LFP responses showed clear modulation, such that responses for purely contralateral saccades were comparable in magnitude (but opposite in polarity) to those observed for saccades in the preferred direction. Nevertheless, regardless of movement direction, saccade-related LFPs were limited to lower frequencies (e.g., <20Hz; compare most leftward and rightward spectrograms in

Fig. A.8A). Notably, no significant power was seen at higher frequencies even when the spectrogram was normalized to baseline activity and plotted using semi-log units (see

Supplemental Fig. A.S5A).

To develop a more complete quantification of LFP tuning, we analyzed data from saccades (N=400) made across a full range of directions (0-360 deg) and amplitudes (± 25 deg).
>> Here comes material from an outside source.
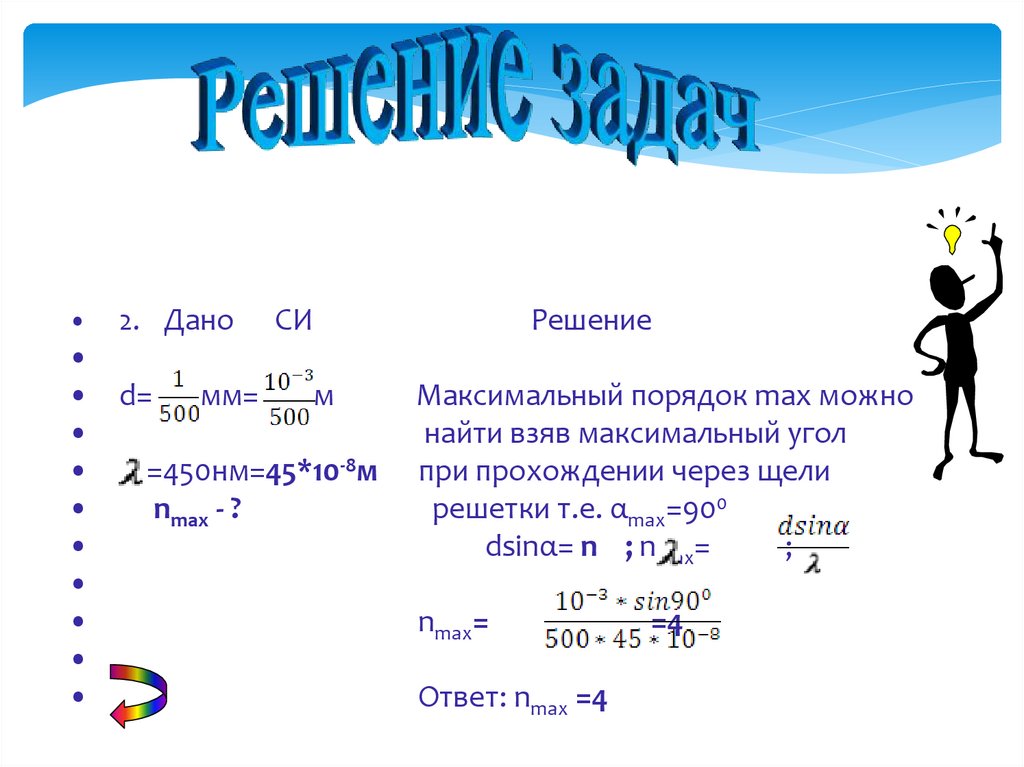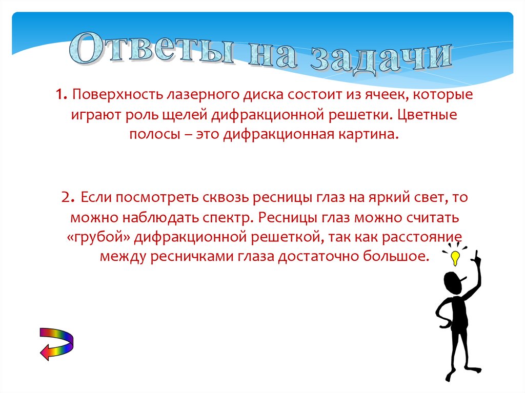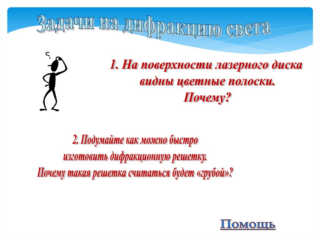 1. Поверхность лазерного диска состоит из ячеек, которыеиграют роль щелей дифракционной решетки. Цветные

The results of the analysis are shown in Fig. A.8B. As saccade amplitude increased, LFP activity became increasingly positive (i.e., hotter in ) for ipsilateral saccades and increasingly negative (i.e., cooler in color) for contralateral saccades. Additionally, as expected from the data shown in Fig. A.8A, LFP responses were minimal for vertically directed saccades (baseline = light green). During ipsilaterally directed saccades, the directional tuning of LFP and spiking responses were both well described by a Gaussian function (Fig. A.8B; right inset; compare black and gray circles). In contrast, during contralateral saccades, only LFP responses showed clear Gaussian tuning (Fig A.8B; left inset). Similar results were obtained for the population of

SBNs; the LFPs were tuned for saccades of -1.2±4.4deg and 178±3.7deg (R2=0.60±0.04;

R2=0.55±0.0.4 respectively). Thus, while the spiking activity of SBNs shows tuning for ipsilateral saccades, LFPs are tuned (with opposite polarities) for both ipsilateral and contralateral saccades.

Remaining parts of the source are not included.